For so long I have felt as though I’ve been stuck in a losing match against an opponent I know too well. Wrestling with thoughts in my own head was a daily occurrence. Does God really hear my prayers? Did I make the right decision? Did I do enough? Every question either doubted God’s character or it put too much reliance on myself. I started to convince myself that losing was simply another one of my character traits. Whether every negative thought I had was planted by the devil or coming out of my own head I’m not totally sure. All I’m sure of is that my mind was in a habit of defeat. I’m at the end of the 3rd period and I come up just a few points short trying to earn God’s favor by my own works. I began walking into every match with the posture of a defeated Christian. Every match started with a question, “Does God really love me?” I used to walk up to preach wondering if God would show up; if God could look past my sin for just a moment and use my voice to speak to His people. God is so beautiful that even the little thoughts that keep pestering your mind day and night He wipes away. God reminded me of one simple verse that would pop up in all the sermons I preached in Lodwar. Romans 5:8 - “But God shows His love for us in that while we were still sinners, Christ died for us.” Oh, what great love is this that the creator of heaven and Earth would choose to lay down his life for a wretched sinner like me. God's love is constantly fighting for us and Jesus is in heaven pleading on our behalf. 2 Corinthians 5:2 - "He made Him who knew no sin to be sin on our behalf, so that we might become the righteousness of God in Him." Life is full of wrestling matches. The question is who is wrestling your match, you or God?

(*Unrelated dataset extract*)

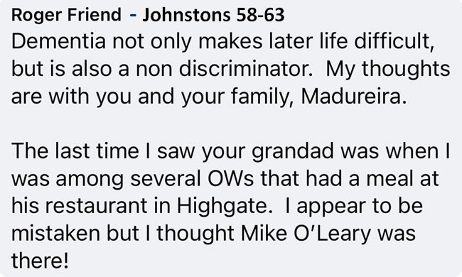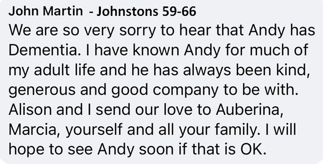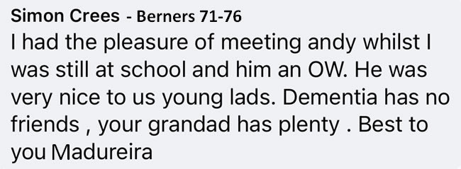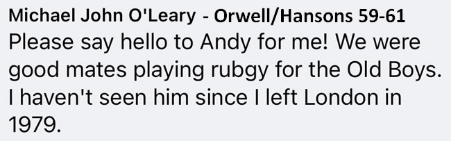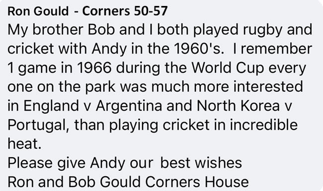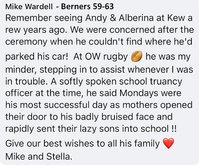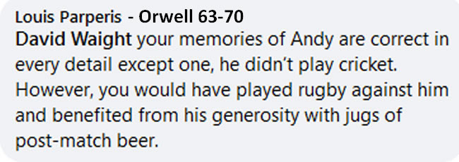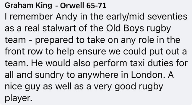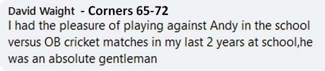 And after WHS Andy made a massive contribution to the Old Boys' Association and in particular the Old Woolverstonians. WHS Old Boys therefore owe him a great debt and pass on our thanks and very best wishes.
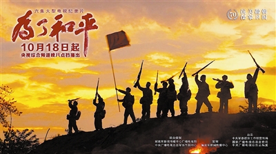 本报讯(记者刘桂芳)为纪念中国人民志愿军抗美援朝出国作战70周年,由中央军委政治工作部宣传局、国家广播电视总局宣传司、中央广播电视总台总编室出品,解放军新闻传播中心监制,解放军新闻传播中心广播电视部、中央广播电视总台军事节目中心联合摄制的大型电视纪录片《为了和平》,18日起在中央电视台综合频道晚8点档黄金时段播出。

What a great entry, Caleb! You really bared your soul here, and that's a powerful thing. I remember seeing you in the daycare in Mathare and thinking "God is doing something right now." What's more, you write well. 'When I preached, I wrestled' -- that's a powerful statement, combining both truth and elegance.
I'm glad that you've been thinking deeply about the GP. I look forward to hearing more about what God's been showing you!